Best practices for NER annotation to avoid overfitting

This is my usual practice -

1.) annotate a bunch of data points -> gets saved in sql db with name ner_gold
2.) train modelv1 (on ner_gold)
3.) look for mistakes in predictions on new data points-> correct annotations -> gets saved in sql db in ner_gold (this way my ner_gold keeps getting bigger)
4.) train modelv2 (again on ner_gold)


My question is -> am i supposed to save my dataset into new paths (ner_gold_v1, ner_gold_v2) etc. If I am retraining same model for improvement to avoid overfitting? or does prodigy take care of this somehow?

Hi! In general, your workflow sounds good, and you're always creating complete, gold-standard annotations, are using new data and aren't annotating the same examples twice, right?

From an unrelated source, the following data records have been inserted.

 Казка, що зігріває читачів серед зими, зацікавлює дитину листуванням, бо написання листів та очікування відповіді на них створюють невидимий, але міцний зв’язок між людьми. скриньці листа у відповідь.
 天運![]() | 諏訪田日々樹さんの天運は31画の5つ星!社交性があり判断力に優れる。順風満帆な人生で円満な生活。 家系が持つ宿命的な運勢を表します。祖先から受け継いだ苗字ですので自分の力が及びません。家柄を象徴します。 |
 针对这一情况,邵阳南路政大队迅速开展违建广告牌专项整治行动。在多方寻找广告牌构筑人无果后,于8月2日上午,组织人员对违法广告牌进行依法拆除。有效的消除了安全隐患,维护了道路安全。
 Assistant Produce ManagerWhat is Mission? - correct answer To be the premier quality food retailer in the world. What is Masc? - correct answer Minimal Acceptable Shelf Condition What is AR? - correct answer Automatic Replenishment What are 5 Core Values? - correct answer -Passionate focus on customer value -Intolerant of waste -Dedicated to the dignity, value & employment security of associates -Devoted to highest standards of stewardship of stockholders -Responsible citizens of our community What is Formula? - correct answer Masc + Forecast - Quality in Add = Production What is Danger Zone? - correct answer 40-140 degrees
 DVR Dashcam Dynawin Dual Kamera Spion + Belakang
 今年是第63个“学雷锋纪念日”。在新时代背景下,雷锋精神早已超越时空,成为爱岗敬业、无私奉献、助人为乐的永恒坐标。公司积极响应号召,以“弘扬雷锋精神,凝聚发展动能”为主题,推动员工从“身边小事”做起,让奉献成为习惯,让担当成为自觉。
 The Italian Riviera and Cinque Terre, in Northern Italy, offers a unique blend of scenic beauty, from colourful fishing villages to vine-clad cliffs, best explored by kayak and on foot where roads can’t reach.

Prodigy can take care of merging annotations on the same text, so it's no problem to annotate labels separately. You just want to make sure you don't end up with multiple, potentially conflicting versions of the same example in the dataset you're training from. And you typically also want to train a model from scratch, using the same full corpus (instead of updating the same artifact over and over again, which often makes it much harder to avoid overfitting and forgetting effects).

Are you using the modelv1 here as the base model, or are you starting off with a blank model (or basically, the same you used when you trained the first version of your model)? I'd definitely recommend starting fresh everytime you train on the whole ner_gold data.

yeah I am using the new data points (no I don't have any duplicates in my gold dataset) to continuously improve the model from my previous iteration i.e I'm not training from scratch each time.

If I was to prefer not training from scratch then I guess I should maintain separate datasets for each iteration? Is there a preference one way or the other? (train from scratch on gold dataset or iteratively improve the artifacts with a few hundred additional datapoints in each iteration)

If you really wanted to do that, then yes, you probably want separate datasets and make sure that each set you're using for incremental updates is more or less representative. Like, you wouldn't want one set to only include label A, and the next one to only include label B, or something like that.

But if possible, I'd definitely recommend training from scratch on the full set. This also makes it much easier to reason about the results.